TASK DESCRIPTION:
Write out, word for word, each line from the start of the entries through the one holding "滝(20画)井(4画) さ(3画)と(2画)美(9画)"; omit the pictures.

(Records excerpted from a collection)
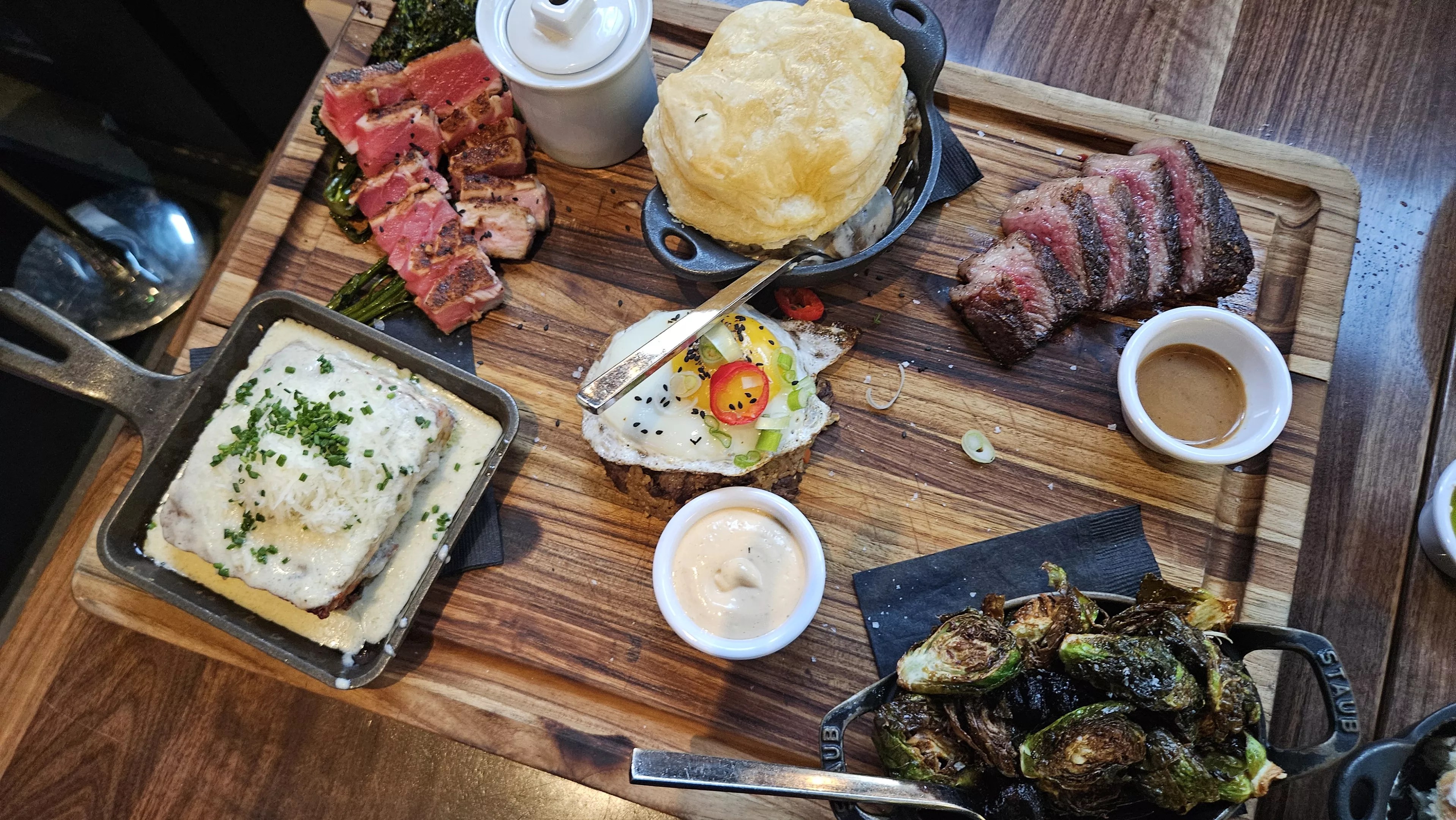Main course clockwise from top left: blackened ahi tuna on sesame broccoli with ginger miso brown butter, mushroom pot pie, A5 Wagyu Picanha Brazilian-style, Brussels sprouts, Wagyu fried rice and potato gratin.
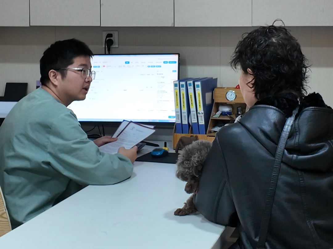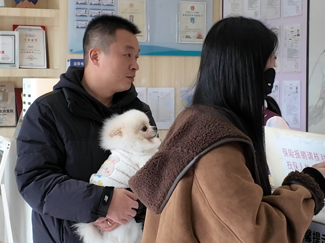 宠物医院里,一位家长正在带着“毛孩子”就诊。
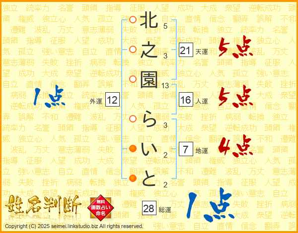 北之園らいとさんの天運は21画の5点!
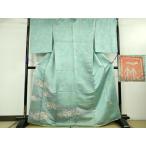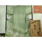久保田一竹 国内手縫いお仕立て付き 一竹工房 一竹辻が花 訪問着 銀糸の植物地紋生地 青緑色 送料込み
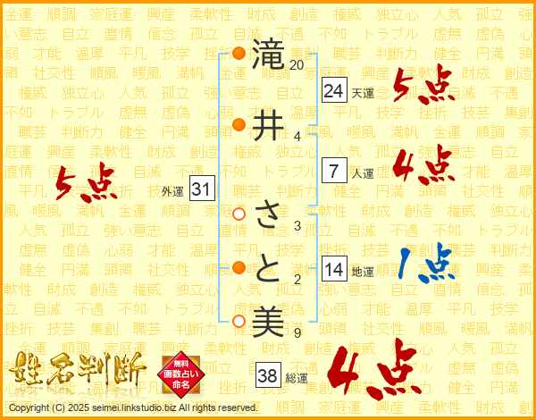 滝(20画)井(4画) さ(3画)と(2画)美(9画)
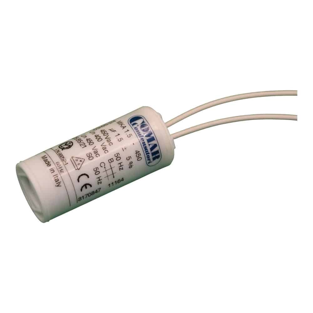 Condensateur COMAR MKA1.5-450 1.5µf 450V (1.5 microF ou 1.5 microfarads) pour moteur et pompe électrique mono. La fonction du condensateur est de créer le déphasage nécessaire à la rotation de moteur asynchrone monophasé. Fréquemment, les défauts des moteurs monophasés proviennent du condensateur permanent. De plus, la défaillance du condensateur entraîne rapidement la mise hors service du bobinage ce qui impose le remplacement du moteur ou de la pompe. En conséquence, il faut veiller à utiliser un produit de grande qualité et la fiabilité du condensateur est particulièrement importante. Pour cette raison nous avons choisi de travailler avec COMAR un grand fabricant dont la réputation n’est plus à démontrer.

TASK OUTPUT:
Main course clockwise from top left: blackened ahi tuna on sesame broccoli with ginger miso brown butter, mushroom pot pie, A5 Wagyu Picanha Brazilian-style, Brussels sprouts, Wagyu fried rice and potato gratin.
 宠物医院里,一位家长正在带着“毛孩子”就诊。
 北之園らいとさんの天運は21画の5点!
久保田一竹 国内手縫いお仕立て付き 一竹工房 一竹辻が花 訪問着 銀糸の植物地紋生地 青緑色 送料込み
 滝(20画)井(4画) さ(3画)と(2画)美(9画)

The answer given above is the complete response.